- [Data records]:
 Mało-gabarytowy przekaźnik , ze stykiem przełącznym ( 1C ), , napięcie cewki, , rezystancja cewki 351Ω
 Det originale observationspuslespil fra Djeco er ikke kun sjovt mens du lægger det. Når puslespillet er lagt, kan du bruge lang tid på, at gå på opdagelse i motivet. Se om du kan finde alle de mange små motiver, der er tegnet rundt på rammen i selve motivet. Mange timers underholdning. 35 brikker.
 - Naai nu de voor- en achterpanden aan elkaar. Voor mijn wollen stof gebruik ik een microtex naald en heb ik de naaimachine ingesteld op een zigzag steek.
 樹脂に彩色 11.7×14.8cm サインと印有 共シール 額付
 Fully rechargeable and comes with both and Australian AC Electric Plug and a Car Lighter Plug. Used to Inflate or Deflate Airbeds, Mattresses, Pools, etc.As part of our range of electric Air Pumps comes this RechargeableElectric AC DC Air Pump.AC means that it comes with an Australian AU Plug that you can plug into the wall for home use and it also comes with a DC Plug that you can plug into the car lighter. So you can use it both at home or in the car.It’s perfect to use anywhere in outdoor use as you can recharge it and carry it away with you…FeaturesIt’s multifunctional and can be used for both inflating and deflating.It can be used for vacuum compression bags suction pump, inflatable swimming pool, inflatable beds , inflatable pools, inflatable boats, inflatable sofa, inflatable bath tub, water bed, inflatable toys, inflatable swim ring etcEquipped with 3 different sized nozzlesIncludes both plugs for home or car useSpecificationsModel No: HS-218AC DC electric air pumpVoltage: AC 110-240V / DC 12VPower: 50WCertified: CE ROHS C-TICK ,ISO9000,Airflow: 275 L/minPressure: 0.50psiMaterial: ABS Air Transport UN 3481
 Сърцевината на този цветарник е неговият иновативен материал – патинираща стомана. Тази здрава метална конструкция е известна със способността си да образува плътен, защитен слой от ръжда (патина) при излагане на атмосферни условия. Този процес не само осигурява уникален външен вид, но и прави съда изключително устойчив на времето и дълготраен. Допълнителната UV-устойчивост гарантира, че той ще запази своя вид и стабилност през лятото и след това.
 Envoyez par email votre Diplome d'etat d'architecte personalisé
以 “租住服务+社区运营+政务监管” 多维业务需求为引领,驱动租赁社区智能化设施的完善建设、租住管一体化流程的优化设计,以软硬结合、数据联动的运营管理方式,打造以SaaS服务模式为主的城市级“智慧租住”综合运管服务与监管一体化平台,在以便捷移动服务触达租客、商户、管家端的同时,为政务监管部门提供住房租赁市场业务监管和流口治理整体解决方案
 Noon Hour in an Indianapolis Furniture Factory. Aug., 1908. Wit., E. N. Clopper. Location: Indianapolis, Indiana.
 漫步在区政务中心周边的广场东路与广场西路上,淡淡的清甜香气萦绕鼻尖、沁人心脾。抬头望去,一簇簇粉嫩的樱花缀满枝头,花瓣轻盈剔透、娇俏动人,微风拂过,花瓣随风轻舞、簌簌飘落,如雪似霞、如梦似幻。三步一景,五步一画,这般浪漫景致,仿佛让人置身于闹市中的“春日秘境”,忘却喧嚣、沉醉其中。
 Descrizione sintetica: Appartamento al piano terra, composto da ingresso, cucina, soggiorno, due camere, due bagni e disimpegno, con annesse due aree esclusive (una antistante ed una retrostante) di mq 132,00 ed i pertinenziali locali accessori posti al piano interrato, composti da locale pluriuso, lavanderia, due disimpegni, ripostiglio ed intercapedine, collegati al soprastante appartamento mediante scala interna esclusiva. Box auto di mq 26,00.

- [Exercise goal]:
Give again, word for word, the records from their first line to the one with "樹脂に彩色 11.7×14.8cm サインと印有 共シール 額付", and leave out all else.

- [Output below]:
 Mało-gabarytowy przekaźnik , ze stykiem przełącznym ( 1C ), , napięcie cewki, , rezystancja cewki 351Ω
 Det originale observationspuslespil fra Djeco er ikke kun sjovt mens du lægger det. Når puslespillet er lagt, kan du bruge lang tid på, at gå på opdagelse i motivet. Se om du kan finde alle de mange små motiver, der er tegnet rundt på rammen i selve motivet. Mange timers underholdning. 35 brikker.
 - Naai nu de voor- en achterpanden aan elkaar. Voor mijn wollen stof gebruik ik een microtex naald en heb ik de naaimachine ingesteld op een zigzag steek.
 樹脂に彩色 11.7×14.8cm サインと印有 共シール 額付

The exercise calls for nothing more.